[Techtalk] Update on that reengineering problem

Meredydd meredydd at everybuddy.com
Mon May 26 22:27:56 EST 2003


OK, I think I know where I stand now. So here it is.

I am attempting to reverse engineer Microsoft's MSN Chat protocol. This is 
proving relatively easy in terms of the protocol itself (it's a bastardised 
version of IRC, using for authentication the standard Passport cookie 
scheme), but I'm having problems with the client-verification procedures used 
to check that the client is the genuine Microsoft OCX, not some *gasp* 
non-Windows user. This is a challenge-response sequence required before you 
can actually do any talking. Sequence of events goes something like this:

- Client connects to server, sends a version string
- Client sends a constant string to initiate client verification
- Server sends an eight-byte challenge wrapped in a constant string
- Client sends a challenge response
- Server sends "OK" notification, traffic continues

There are in fact two types of server connection. You first connect to a 
dispatch server, for which some kind soul has already reversed the response 
algorithm, which gives you the IP on which any particular chat room (channel) 
is hosted. You then make *another* connection, to the server you've been told 
about, and go through the verification routine again. Unfortunately, the 
algorithm, which was reverse engineered by the same person/group who did the 
first one, has been changed. And I haven't a clue what to.

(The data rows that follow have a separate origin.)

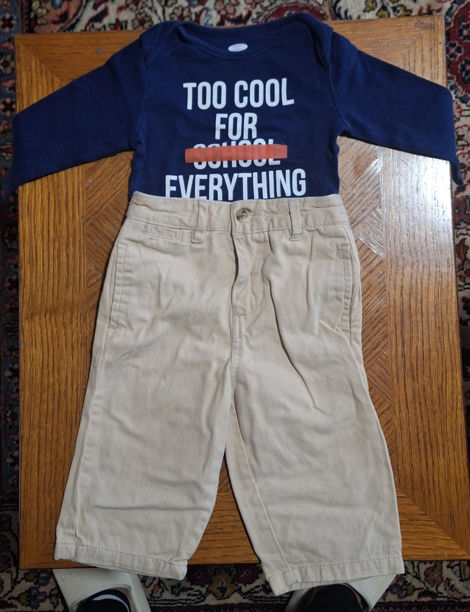 A cute little outfit for your little one! This Old Navy set includes a long-sleeved bodysuit with a fun 'TOO COOL FOR EVERYTHING' print and a pair of khaki-coloured shorts. Perfect for a casual day out or playtime!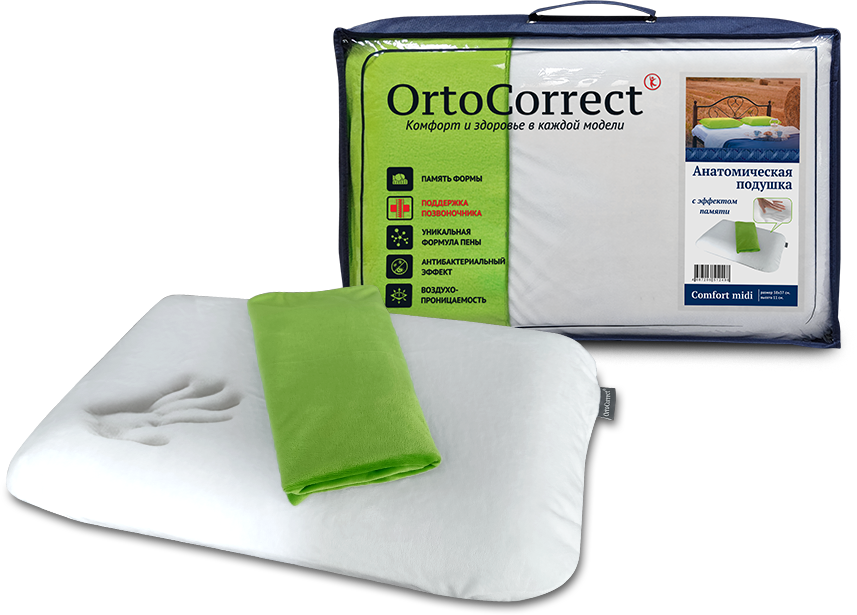 Форма подушки отлично подходит для сна на спине, на боку, а также на животе.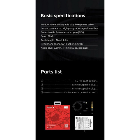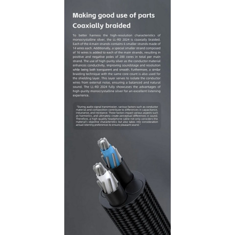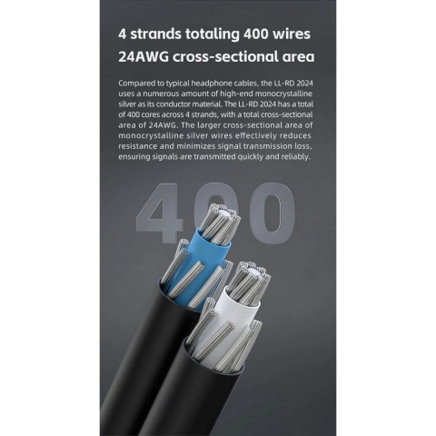 ยกระดับคุณภาพเสียงหูฟังของคุณสู่มาตรฐานออดิโอไฟล์ด้วยสายอัพเกรดระดับไฮเอนด์ [-ประกันศูนย์ไทย-] FiiO LL-RD 2024 สายหูฟัง Headphone ที่ใช้วัสดุตัวนำเป็นเงินสเตอร์ลิงผลึกเดี่ยว (Monocrystalline Silver) ความบริสุทธิ์สูง ถ่ายทอดรายละเอียดเสียงได้อย่างแม่นยำ โปร่งใส และมีมิติยิ่งขึ้น มาพร้อมระบบปลั๊กแบบถอดเปลี่ยนได้ รองรับทั้ง 3.5mm Single-ended และ 4.4mm Balanced ให้คุณใช้งานได้อย่างยืดหยุ่นกับอุปกรณ์หลากหลาย
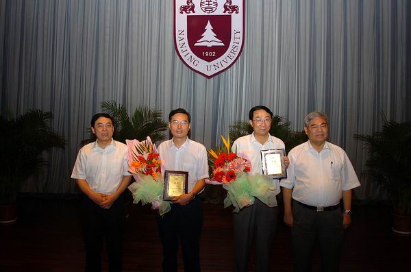 会上,洪银兴书记、陈骏校长首先向获得2009年“全国模范教师”称号的中国工程院院士张全兴和获得2010年“全国先进工作者”称号的中国科学院院士邢定钰颁发了“凯发k8官网突出贡献奖”。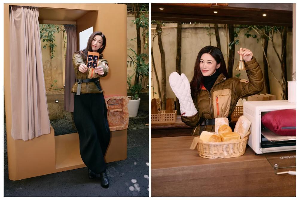 朱珠則是將羽絨服穿出了優雅復古的氣質,帶着光澤感的深駝色,濃郁又生動,搭配的最大亮點就是在腰部繫上一條寬腰帶,瞬間將膨脹輪廓雕塑成黃金比例的曲線,顯得既有層次又很有矜貴的氣質。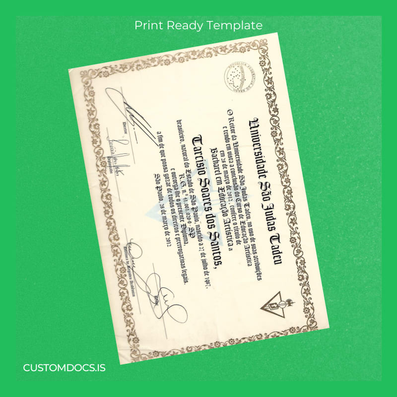 Eliminate the hassle with the Brazil Tarcisio University Diploma Template – Word & PDF, designed to provide a quick, professional, and editable diploma solution. This customizable degree template allows you to generate a precise replica suitable for various official or novelty uses. It’s a reliable digital diploma download crafted for professionals who require efficient document recreation.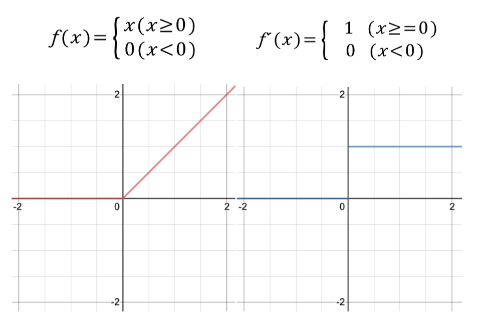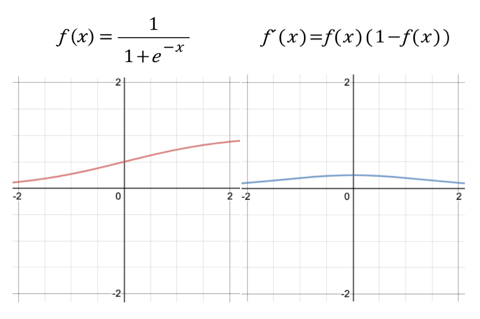 활성화 함수는 붉은 색 그래프, 활성화 함수의 미분값은 푸른색 그래프로 표현

So. The algorithm I need to replicate takes an eight-byte challenge and 
returns a sixteen-byte response. From past experience, it is likely to make 
heavy use of MD5 hashing. It may or may not be related to the known algorithm 
(as was, in fact, it was identical):
- Append challenge to constant string
- Take hash of the above, append that to another constant string
- Send hash of the above as response

I've tried a grep - not an occurrence of "md5" (in either case) in the OCX. 
I've also tried disassembly (an OCX is just an EXE with no main() as far as I 
understand), but can't seem to make head or tail of it. From looking at it in 
a hex editor, several string constants have had strange things done to them 
(spaced out every other char with null zeros etc), and the combination of the 
above leads me to suspect that it's been armoured against disassembly. 
Unfortunately, I don't know enough about this sort of thing to verify it, and 
I can't find any more useful information on the web :-(  Oh, and yes, there 
is no software apart from that OCX which talks to MSN Chat. No Mac version 
(there goes the nice UNIX debugging environment). And internet chat isn't 
covered by the DoJ settlement, because it's not a protocol used between 
standard MS clients and standard Win2k+ servers.

So - any bright ideas? What should I do next?